What the exercise asks
Transcribe each record exactly, but omit pictures.

Material provided
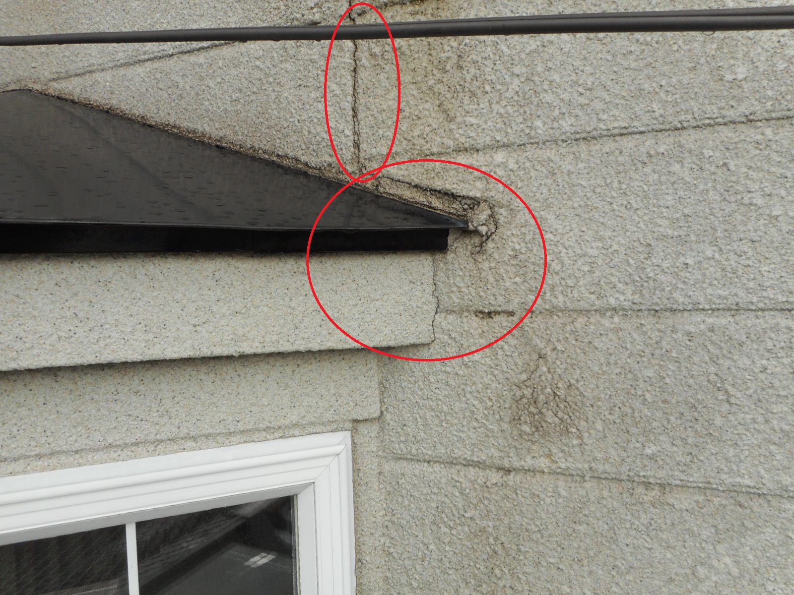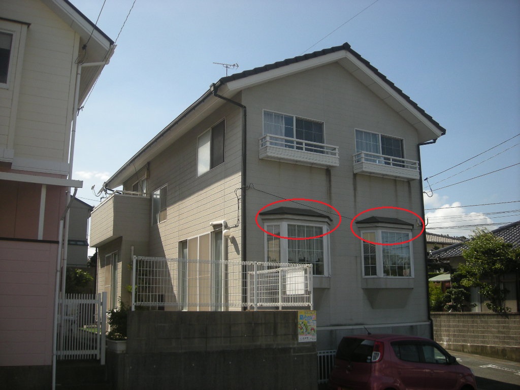 赤○で囲った2Fの出窓の廻りも下の写真の様に亀裂が入っています!!
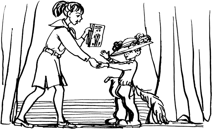 И я пошел на сцену, и когда входил на последнюю ступеньку, то споткнулся и чуть не упал. Все громко засмеялись, а Люся пожала мне руку и дала две книжки: «Дядю Степу» и «Сказки-загадки». Тут Борис Сергеевич заиграл туш, а я пошел со сцены. И когда сходил, то опять споткнулся и чуть не упал, и опять все засмеялись.
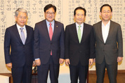 정세균 국회의장과 여야 3당 원내대표가 4일 오전 국회의장 접견실에서 열린 교섭단체 원내대표 회동에서 취재진을 향해 기념촬영을 하고 있다. 자유한국당 정우택 원내대표는 MBC사장 체포영장 발부 등에 항의해 불참했다./연합뉴스
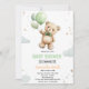 Convite Green balloon bear baby shower invitation
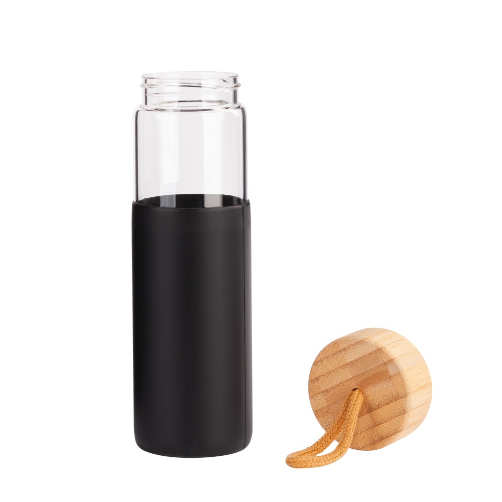 Крышка из бамбука и полипропилена обеспечивает полную герметичность, ручка с петелькой – удобны для переноса бутылки.
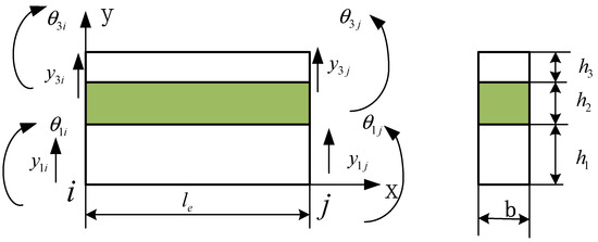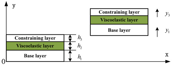 - Considering the compression deformation of the viscoelastic layer perpendicular to the neutral plane of the beam, it is considered that the base beam layer, the damping layer, and the constraint layer have different deflection functions, and the transverse displacement of the viscoelastic layer is the linear interpolation of the two surface layers;
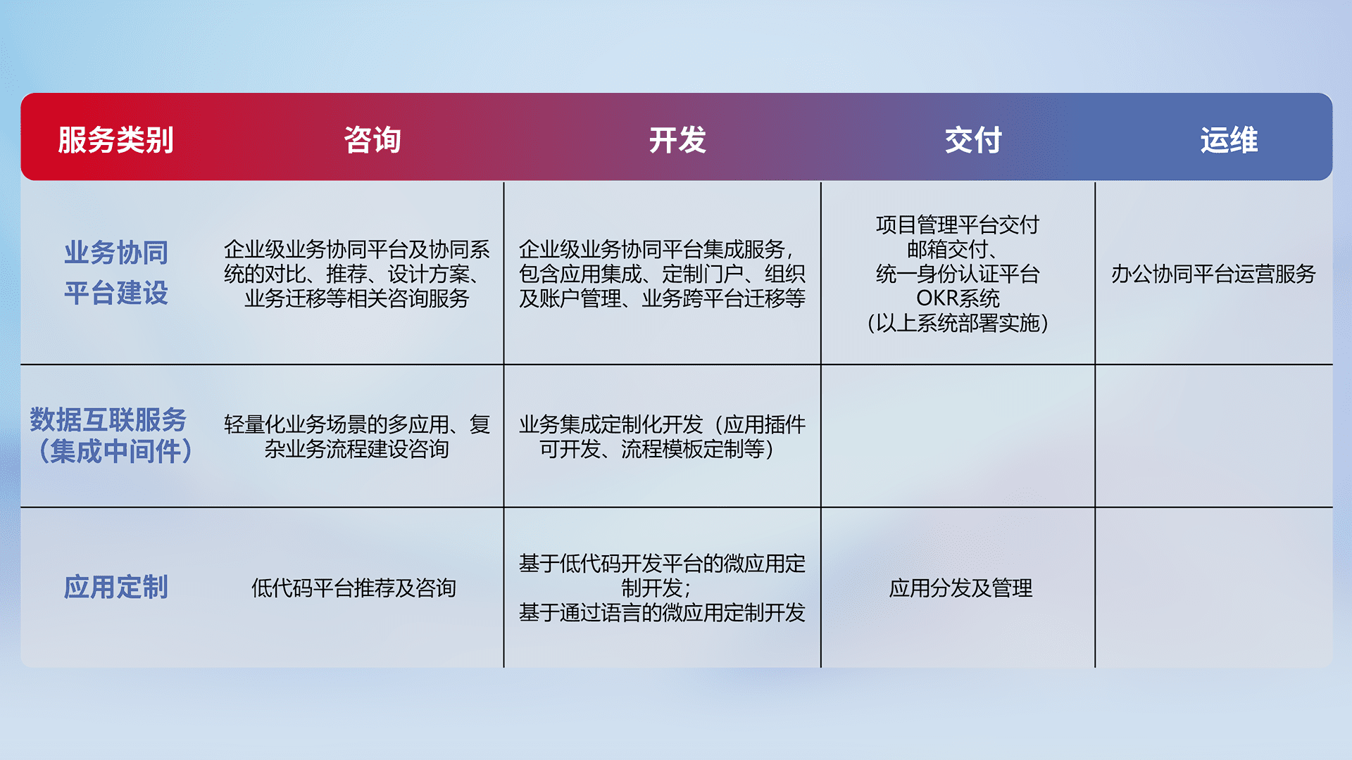 针对钉钉、、企微、、、、IDaas等平台级产品提供产品的规划、、、方案、、、、交付、、、定制化开发等服务,,,实现如统一协同办公、、智能客户服务、、、混合会议管理、、、、智能数据查询、、、、等业务场景,,,实现数字化转型。。。
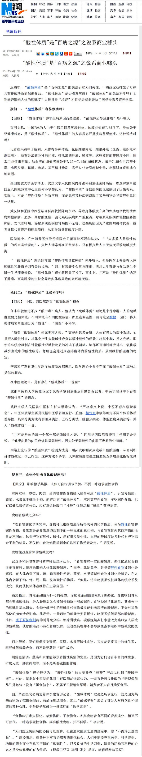 剪报图片:315晚会戳穿碱性水的谎言仅是一种营销手段
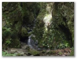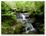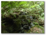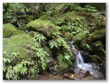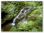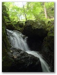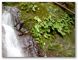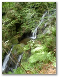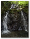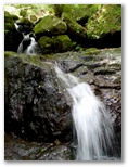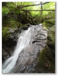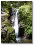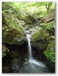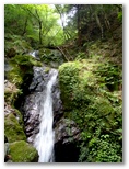 きょうは沢の流れが少な目なのかも知れませんが、ジャブジャブするには十分です。小滝があれば、できるだけ水をたくさん浴びるように上って行きました。緑の苔がとてもきれいです。もしかして、ヒカリゴケ?(いいえ) 始めの10分は足慣らし、と思っていたら、早くも藤懸の滝に至りました。2条の細い滝が2段に落ちています。下段は容易に上れましたが、上段は一目見て巻くことにしました。藤懸の滝とは風流な名ですが、春にヤマフジが咲くのでしょうか?
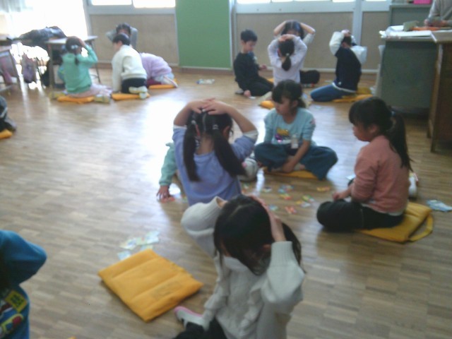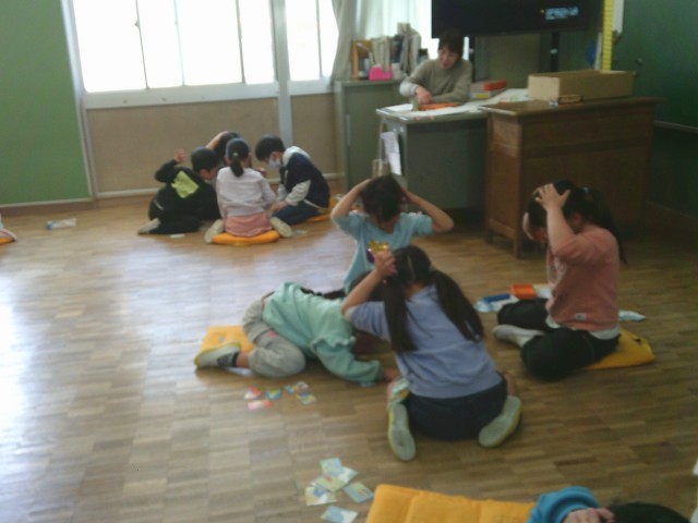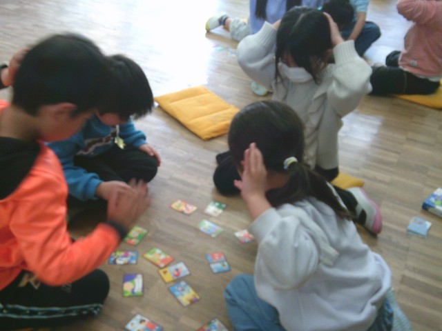 1年生はかるた取りゲームを行っていました。学級担任が読み札を読み、それに合わせて子供たちがかるたを取っていきました。
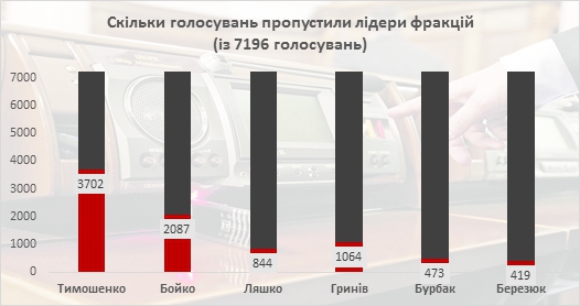 У других лидеров значительно лучшие показатели. Ответственное к голосованиям относились Бурбак (только 7% пропущенных) и Олег Березюк (6%).
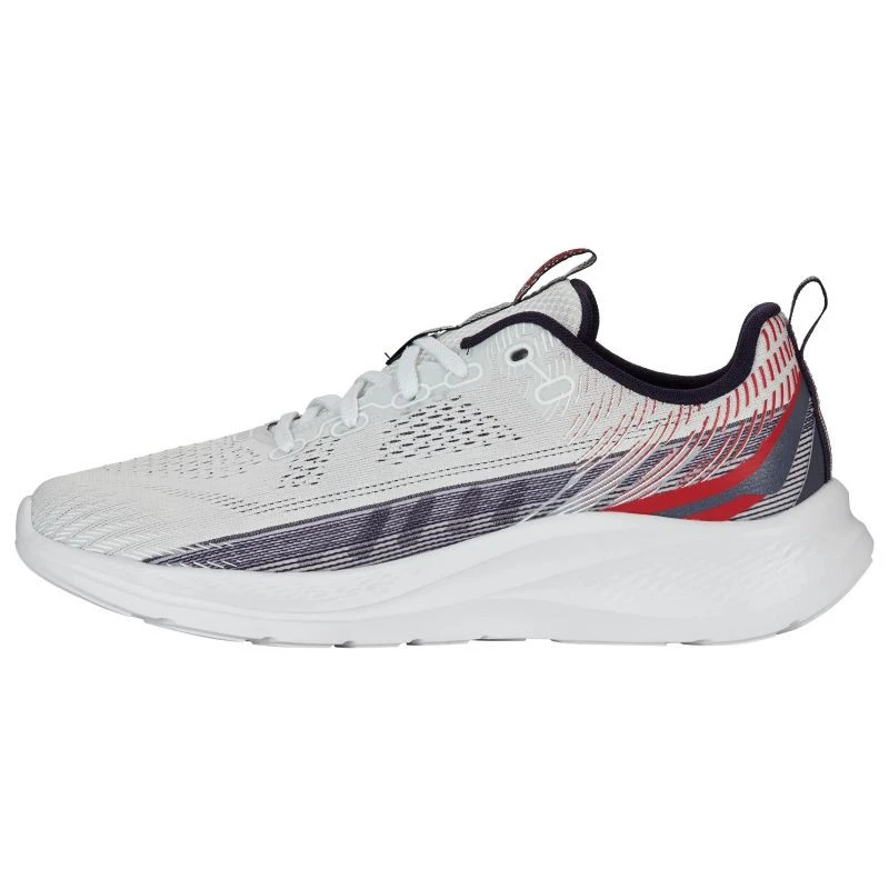 - Moderní design: klasická bílá barva s kontrastními akcenty v odstínech tmavě modré a červené dodává botám jedinečný charakter.
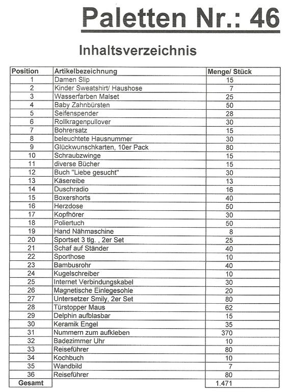 Contenuto pallet: 1.471 articoli St. diversi!
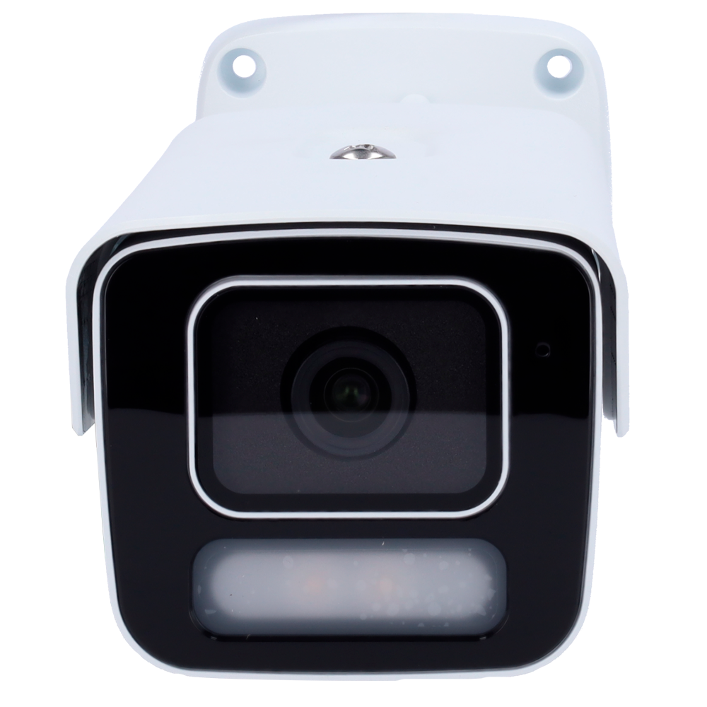 Cámara Bullet IP profesional de 4 megapíxeles con tecnología Color Hunter y WISE-ISP de Uniview. Equipada con lente fija de 4mm, iluminación LED blanca hasta 40 metros y WDR real de 130dB para captura de imagen en escenarios de alto contraste. Diseño robusto IP67/IK10 con PoE, audio bidireccional y almacenamiento microSD hasta 512GB.
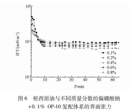 圖6 0.1% OP-10/不同濃度偏硼酸鈉復(fù)配體系與樁西原油的界面張力

Exercise result
 赤○で囲った2Fの出窓の廻りも下の写真の様に亀裂が入っています!!
 И я пошел на сцену, и когда входил на последнюю ступеньку, то споткнулся и чуть не упал. Все громко засмеялись, а Люся пожала мне руку и дала две книжки: «Дядю Степу» и «Сказки-загадки». Тут Борис Сергеевич заиграл туш, а я пошел со сцены. И когда сходил, то опять споткнулся и чуть не упал, и опять все засмеялись.
 정세균 국회의장과 여야 3당 원내대표가 4일 오전 국회의장 접견실에서 열린 교섭단체 원내대표 회동에서 취재진을 향해 기념촬영을 하고 있다. 자유한국당 정우택 원내대표는 MBC사장 체포영장 발부 등에 항의해 불참했다./연합뉴스
 Convite Green balloon bear baby shower invitation
 Крышка из бамбука и полипропилена обеспечивает полную герметичность, ручка с петелькой – удобны для переноса бутылки.
 - Considering the compression deformation of the viscoelastic layer perpendicular to the neutral plane of the beam, it is considered that the base beam layer, the damping layer, and the constraint layer have different deflection functions, and the transverse displacement of the viscoelastic layer is the linear interpolation of the two surface layers;
 针对钉钉、、企微、、、、IDaas等平台级产品提供产品的规划、、、方案、、、、交付、、、定制化开发等服务,,,实现如统一协同办公、、智能客户服务、、、混合会议管理、、、、智能数据查询、、、、等业务场景,,,实现数字化转型。。。
 剪报图片:315晚会戳穿碱性水的谎言仅是一种营销手段
 きょうは沢の流れが少な目なのかも知れませんが、ジャブジャブするには十分です。小滝があれば、できるだけ水をたくさん浴びるように上って行きました。緑の苔がとてもきれいです。もしかして、ヒカリゴケ?(いいえ) 始めの10分は足慣らし、と思っていたら、早くも藤懸の滝に至りました。2条の細い滝が2段に落ちています。下段は容易に上れましたが、上段は一目見て巻くことにしました。藤懸の滝とは風流な名ですが、春にヤマフジが咲くのでしょうか?
 1年生はかるた取りゲームを行っていました。学級担任が読み札を読み、それに合わせて子供たちがかるたを取っていきました。
 У других лидеров значительно лучшие показатели. Ответственное к голосованиям относились Бурбак (только 7% пропущенных) и Олег Березюк (6%).
 - Moderní design: klasická bílá barva s kontrastními akcenty v odstínech tmavě modré a červené dodává botám jedinečný charakter.
 Contenuto pallet: 1.471 articoli St. diversi!
 Cámara Bullet IP profesional de 4 megapíxeles con tecnología Color Hunter y WISE-ISP de Uniview. Equipada con lente fija de 4mm, iluminación LED blanca hasta 40 metros y WDR real de 130dB para captura de imagen en escenarios de alto contraste. Diseño robusto IP67/IK10 con PoE, audio bidireccional y almacenamiento microSD hasta 512GB.
 圖6 0.1% OP-10/不同濃度偏硼酸鈉復(fù)配體系與樁西原油的界面張力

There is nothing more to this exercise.